Table 1 describes the functions of the HIAI_DMalloc/HIAI_DFree and HIAI_DVPP_DMalloc/HIAI_DVPP_DFree APIs.

API Calling Process

Figure 1 API Calling Process

The usage of APIs in Figure 1 is described as follows:

• The memory allocated by using the HIAI_DMalloc or HIAIMemory::HIAI_DMalloc API can be used in end-to-end data transmission and model inference. The data transmission efficiency and performance can be improved by calling the HIAI_DMalloc or HIAIMemory::HIAI_DMalloc API and using the HIAI_REGISTER_SERIALIZE_FUNC macro that serializes or deserializes user-defined data types.

  Allocating memory by using the HIAI_DMalloc or HIAIMemory::HIAI_DMalloc API has the following advantages:

  • The allocated memory can be directly used by host-device communication (HDC) module for data transmission to avoid data copy between the Matrix module and HDC.
  • You can use the allocated memory for zero-copy inference to reduce data copy time.
• The memory allocated by using the HIAI_DVPP_DMalloc or HIAIMemory::HIAI_DVPP_DMalloc API can be used by the DVPP. After being used by the DVPP, data in the memory can be transparently transmitted to the inference model. If model inference is not required, data in the memory allocated by using the HIAI_DVPP_DMalloc API can be directly sent back to the host.
• The memory allocated by using the HIAI_DMalloc, HIAIMemory::HIAI_DMalloc, HIAI_DVPP_DMalloc, and HIAIMemory::HIAI_DVPP_DMalloc APIs is compatible with memory management APIs provided by the native language. It can be used as common memory, but cannot be freed by using APIs such as free and delete. Generally, memory allocated by using the HIAI_DMalloc, HIAIMemory::HIAI_DMalloc, HIAI_DVPP_DMalloc, and HIAIMemory::HIAI_DVPP_DMalloc APIs needs to be freed by calling HIAI_DFree, HIAIMemory::HIAI_DFree, HIAI_DVPP_DFree, and HIAIMemory::HIAI_DVPP_DFree, respectively.

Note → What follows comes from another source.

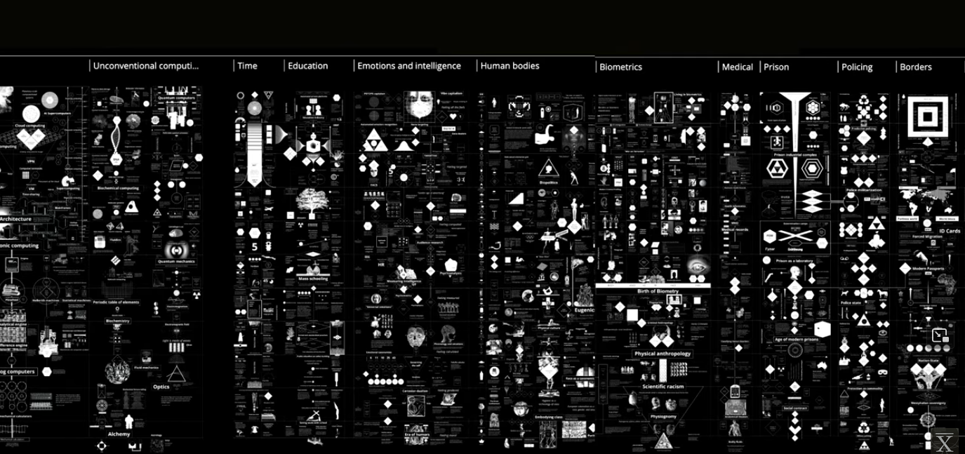 Com certeza. Quero dizer, Calculating Empires, que é, obviamente, a tela para a palestra desta noite, foi lançado em 2023 e tem feito uma turnê pelo mundo, e temos, você sabe, nossa próxima instalação na qual estamos trabalhando no momento. E o tipo de arte que faço, como você pode ver, é muito baseado em pesquisa.

  When calling the HIAI_DMalloc or HIAIMemory::HIAI_DMalloc API, you can set flag to MEMORY_ATTR_AUTO_FREE. In this case, if data is sent to the peer end by calling the SendData API, the allocated memory is automatically freed without calling the HIAIMemory::HIAI_DFree API after the program is complete. However, if the SendData API is not called to send data to the peer end after memory is allocated, you need to call HIAIMemory::HIAI_DFree to free the memory.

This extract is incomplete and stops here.